The sokol-gfx WebGPU backend uses the sg_desc.uniform_buffer_size item to allocate a single per-frame uniform buffer which must be big enough to hold all data written by sg_apply_uniforms() during a single frame, including a worst-case 256-byte alignment (e.g. each sg_apply_uniform call will cost at least 256 bytes of uniform buffer size). The default size is 4 MB, which is enough for 16384 sg_apply_uniform() calls per frame (assuming the uniform data 'payload' is less than 256 bytes per call). These rules are the same as for the Metal backend, so if you are already using the Metal backend you'll be fine.

Bindgroup Cache

sg_apply_bindings(): the sokol-gfx WebGPU backend implements a bindgroup cache to prevent excessive creation and destruction of BindGroup objects when calling sg_apply_bindings().
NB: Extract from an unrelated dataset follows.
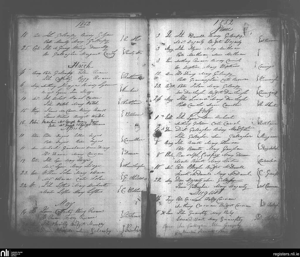 Crossmolina; County of Mayo; Diocese of Killala. Baptisms, Feb. 1852 to Aug. 1852
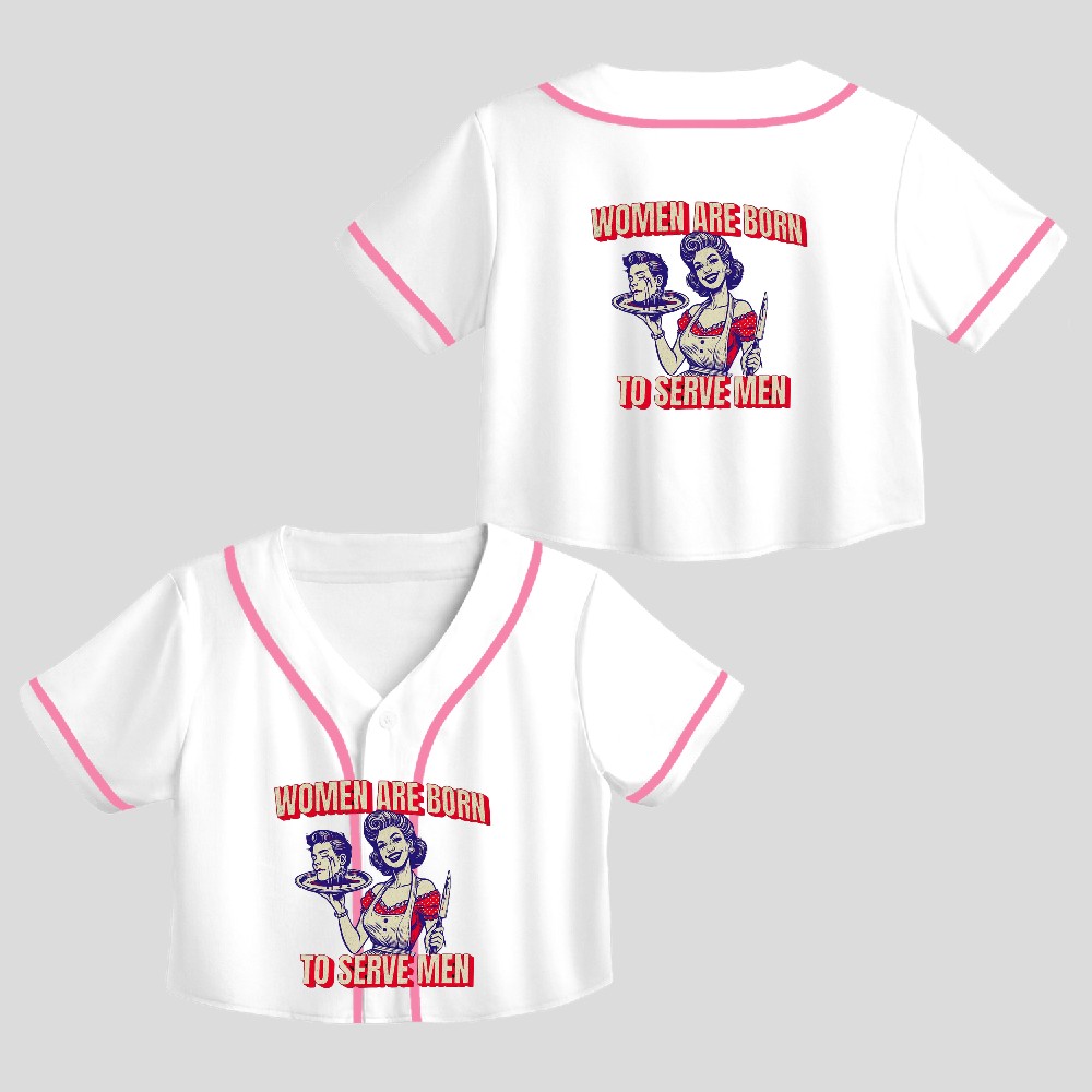 Women Are Born To Serve Men Feminism Crop Top Baseball Jersey

The number of slots in the bindgroups cache is defined in sg_desc.wgpu.bindgroups_cache_size when calling sg_setup. The cache size must be a power-of-2 number, with the default being 1024. The bindgroups cache behaviour can be observed by calling the new function sg_query_stats(), where the following struct items are of interest:

.wgpu.num_bindgroup_cache_hits
.wgpu.num_bindgroup_cache_misses
.wgpu.num_bindgroup_cache_collisions
.wgpu_num_bindgroup_cache_invalidates
.wgpu.num_bindgroup_cache_vs_hash_key_mismatch

The value to pay attention to is .wgpu.num_bindgroup_cache_collisions. If this number is consistently higher than a few percent of the .wgpu.num_set_bindgroup value, it might be a good idea to bump the bindgroups cache size to the next power-of-2.

Other Caveats

  • sg_apply_viewport(): WebGPU currently has a unique restriction that viewport rectangles must be contained entirely within the framebuffer. As a shitty workaround, sokol_gfx.h will clip incoming viewport rectangles against the framebuffer, but this will distort the clipspace-to-screenspace mapping. There's no proper way to handle this inside sokol_gfx.h — this must be fixed in a future WebGPU update (see: https://github.com/gpuweb/gpuweb/issues/373 and https://github.com/gpuweb/gpuweb/pull/5025).
  • The sokol shader compiler generally adds diagnostic(off, derivative_uniformity); into the WGSL output. Currently only the Chrome WebGPU implementation seems to recognize this.
  • Likewise, the following sokol-gfx pixel formats are not supported in WebGPU: R16, R16SN, RG16, RG16SN, RGBA16, RGBA16SN. Unlike unsupported vertex formats, unsupported pixel formats can be queried in cross-backend code via sg_query_pixelformat() though.
  • The Emscripten WebGPU shim currently doesn't support the Closure minification post-link-step (e.g. currently the emcc argument --closure 1 or --closure 2 will generate broken JavaScript code).
  • sokol-gfx requires the WebGPU device feature depth32float-stencil8 to be enabled (this should be widely supported).
  • sokol-gfx expects that the WebGPU device feature float32-filterable is not enabled (since this would exclude all iOS devices).